Recommendation: Define clearly what it means in each program to teach online for staff, learn online for students and manage staff allocation within higher education institutions so that all stakeholders as well as Finance Officers can participate in workload model development.Proposition: 2011 has seen a surge of concern about the impact of online purchasing (especially from overseas) on the Australian economy, with bricks and mortar businesses being threatened. Many see this as a precursor to online services supplanting physical service industries, including higher education; among these are some Vice Chancellors (Campus Review, 27 June 2011) and the majority of IT executives, including Bill Gates. Others are more sanguine, envisaging a future where the campus still attracts school leavers seeking a vestigial ‘university experience’, through a blended education of independent learning online plus some face-to-face interactions, but where the majority of adults transact their learning ‘at a distance’. For the moment at least, the blended model remains the predominant ‘delivery’ mode in higher education, despite an increasing number of fully online programs.

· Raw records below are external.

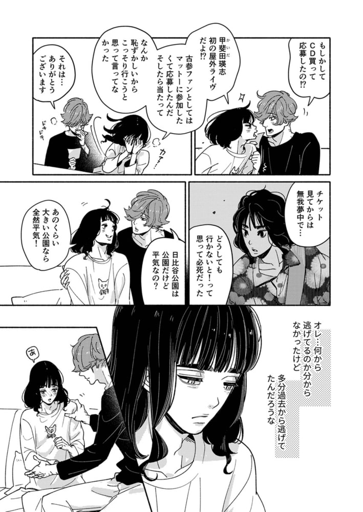 パートナーシップ制度で結婚した菅谷真央と甲斐田瑛志は、二人でアメリカへ移住。真央は映画撮影のため、瑛志はリハビリのためだった。甘い日々が過ぎていく中、瑛志の指先はまだギターを弾くには完全ではなかったが、遊びに来ていた新島たちと、とあるクラブで演奏したところ、そのライブ動画がSNSで拡散、瑛志の名前がトレンド入りし、新島たちのバンドも広く知れ渡ることになる。みんな明るい道が開けようとしていたなか、自信を取り戻した瑛志と映画を撮り終えた真央は、満を持して日本へ帰国する!「あの時からスキだったんだと思う」真央と瑛志のその後を描いた続編!!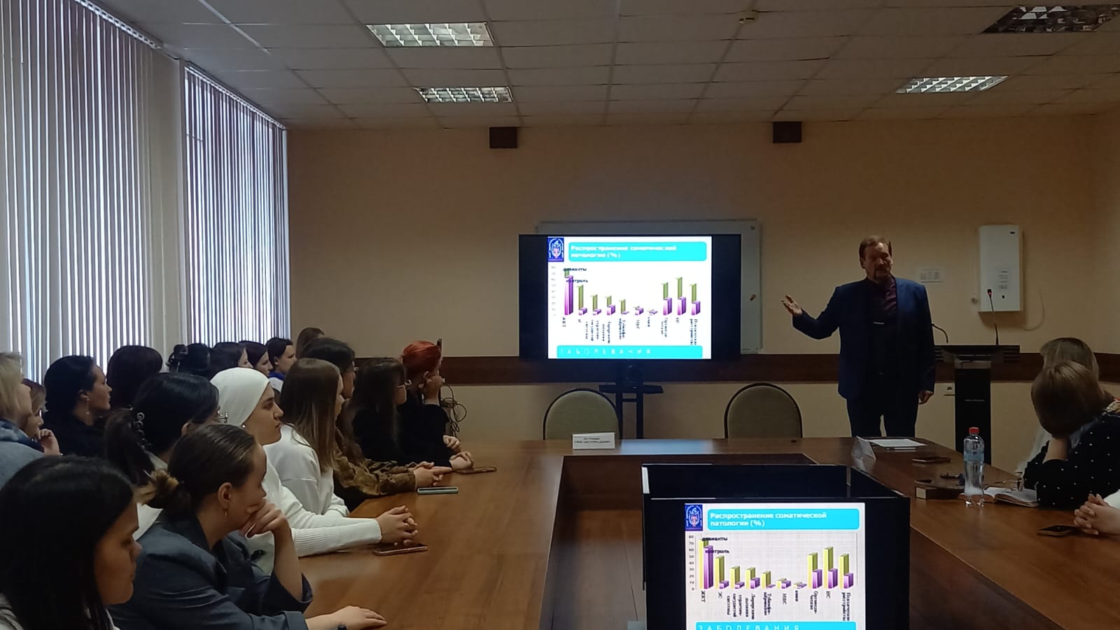 Мастер-класс начался с обсуждения актуальных проблем, связанных с распространением соматических патологий и психосоматических отклонений у подростков. А. Н. Петрынин представил график, наглядно демонстрирующий эти тенденции, а также рассказал о различиях в уровнях гормонов у мальчиков и девочек с нормосообразным и девиантным поведением.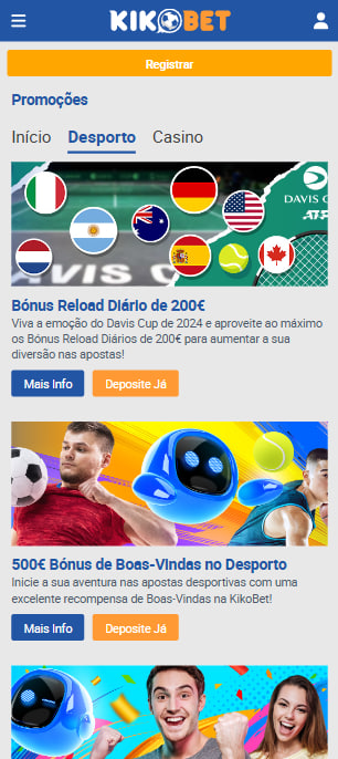 Há apenas um bónus de boas-vindas para quem deseja apostar em desportos na Kikobet. No primeiro depósito, ganhe 100% até EUR200. Já no segundo, receba 50% até EUR300 para utilizar em toda a área desportiva da plataforma. Para transformar em dinheiro real, todas as apostas feitas com bónus precisarão ser em cotações 1.80 ou superior. Cada jogador terá 30 dias para concluir o rollover antes da expiração do bónus.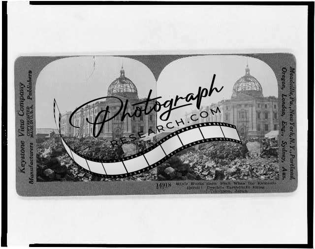 Reproduction,Desolate Earthquake Ruins,Yokohama,Japan,c1924,Rubble,Bank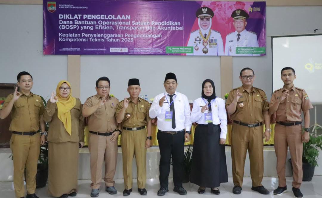 ELPIBLIKA.COM,MUSI RAWAS- Pemerintah Kabupaten (Pemkab) Musi Rawas (Mura) melalui Badan Kepegawaian dan Sumber Daya Manusia (BKPSDM) Kabupaten Mura, menggelar Diklat Pengelolaan Dana Bantuan Operasional Satuan Pendidikan (BOSP) Tahun 2025, Senin 28 Juli 2025. Tujuannya untuk meningkatkan kapasitas para bendaraa sekolah dalam mengelola BOSP.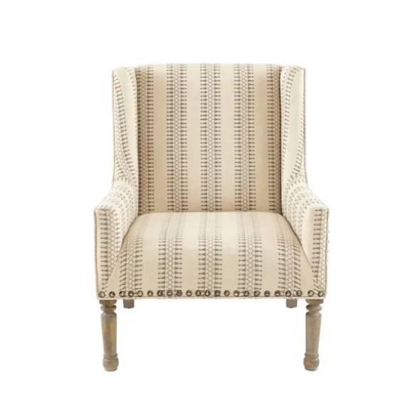 The Stunning Natural Cara Stripe Accent Chair Will Add A Timeless Touch To Your Home Decor. Its Neutral Stripe Material And Classic Design Will Add So Much Character To Your Home. Drape A Solid Throw Blanket Over The Back For A Sophisticated Look.Chair Measures 28.5L X 31.25W X 31H In.; Seat Height: 20.75 In.Crafted With A Wooden Framereclaimed Natural Wood Finish Legsupholstered In Ivory And Tan Stripe Fabricbronze Nail Head Detailsraised Armchair Designfeatures High Density Foam Cushionsweight Limit: 300 Lbs.Some Assembly Requirednot Intended For Commercial Usecare: Spot Clean Only.This Item Is Available At Kirklands.Com Only, Not Available In Stores. Please Note: This Item Cannot Be Shipped To Apo/Fpo Addresses.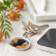 Keychain featuring an adorable black cat wearing a witch’s hat! This little cutie poses with a pumpkin. Autumn leaves carpet the forest floor. A purr-fect gift for Halloween celebrations!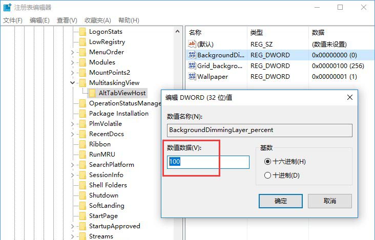 6、在AltTabViewHost上单击右键,然后选择新建-Dword(32位)值,将其命名为BackgroundDimmingLayer_percent,以百分比设置值,100%为完全调光。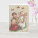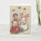 A vintage Christmas card image features a little angel girl singing and playing a lute. She has joined a young boy and girl to harmonize on the holiday song "Joy to the World." The boy plays a horn and the little girl sings along while birds flutter overhead enjoying the sweet sounds. The message inside the card is, " Peace and love to warm your heart this holiday season."

Recommendation: Develop Workload Allocation Models (WAMs) which acknowledge the greater number of tasks associated with a blended pedagogy, as indicated in table 1 in Part 2, reproduced below.If and until a wholly disaggregated model of academic work (separating the discrete tasks of content expert, educational developer, multimedia designer, graphic designer, tutor and marker) is adopted (as is suggested by successful models such as in the OUUK), institutions must acknowledge in their workload models the greater number of tasks associated with online and blended development and delivery. Teaching workloads need to be adjusted to acknowledge the greater number of tasks associated with new technologies being incorporated into education systems.
Greater use should be made of multimedia resources which have already demonstrated their efficacy for teaching complex/threshold/key concepts, so that individual teachers do not have to develop resources on core concepts in their discipline. However, the work involved in locating these resources, and then contextualising them to particular professional and institutional programs should not be under-estimated. A one size unit on Statistics 101 does not fit all programs. For example, of the universities involved in this study, ACU subjects must contain a specific community engagement or social justice component, so any ‘core unit’ curriculum must be adapted.